## [Work instruction]
Skip every image and restate the data word for word.

## [Provided data]
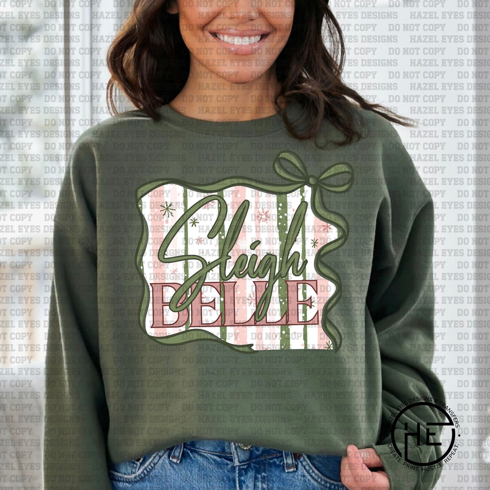Sleigh Belle DTF This transfer is perfect for creating eye-catching piece and showing your style in a unique & whimsical way. High-quality, durable, and easy to apply, this transfer is ideal for DIY apparel projects.
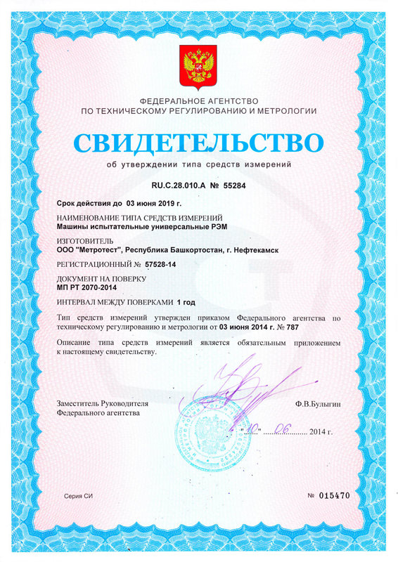 Машины разрывные РЭМ зарегистрированы в Государственном реестре средств измерений России № 57528-14, Республики Казахстан № KZ.02.03.06422-2015/57528-14 и Республики Беларусь № РБ 03 03 5681 15, имеют необходимые сертификаты и свидетельства, а также удостоены грамот и дипломов.
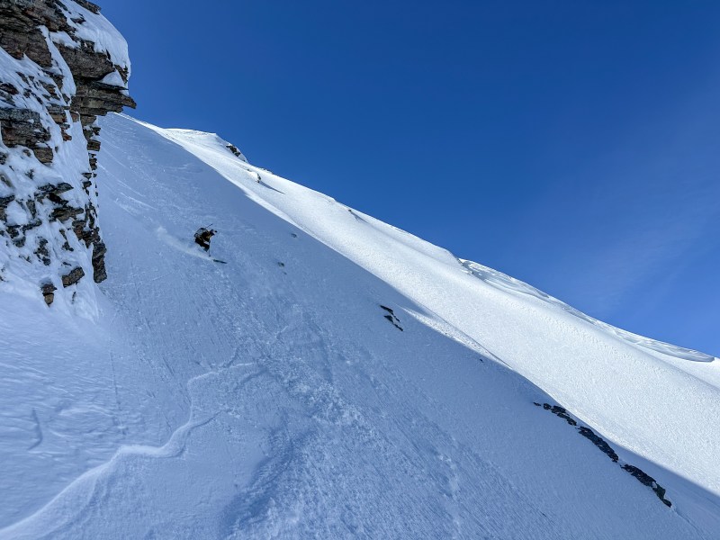 There would be an argument for climbing the south side and skiing this line top down, we decided aloud as we crested the ridge and looked back towards the resort. Much colder conditions would be required though, and we were pretty happy not to be on that south slope. Our mere presence was triggering rollers and small sloughs on the rapidly warming face. Facets and a spooky cornice prevented us from achieving the true summit, but we were still comfortably on top of the line when we dropped in.

## [Answer section]
Sleigh Belle DTF This transfer is perfect for creating eye-catching piece and showing your style in a unique & whimsical way. High-quality, durable, and easy to apply, this transfer is ideal for DIY apparel projects.
 Машины разрывные РЭМ зарегистрированы в Государственном реестре средств измерений России № 57528-14, Республики Казахстан № KZ.02.03.06422-2015/57528-14 и Республики Беларусь № РБ 03 03 5681 15, имеют необходимые сертификаты и свидетельства, а также удостоены грамот и дипломов.
 There would be an argument for climbing the south side and skiing this line top down, we decided aloud as we crested the ridge and looked back towards the resort. Much colder conditions would be required though, and we were pretty happy not to be on that south slope. Our mere presence was triggering rollers and small sloughs on the rapidly warming face. Facets and a spooky cornice prevented us from achieving the true summit, but we were still comfortably on top of the line when we dropped in.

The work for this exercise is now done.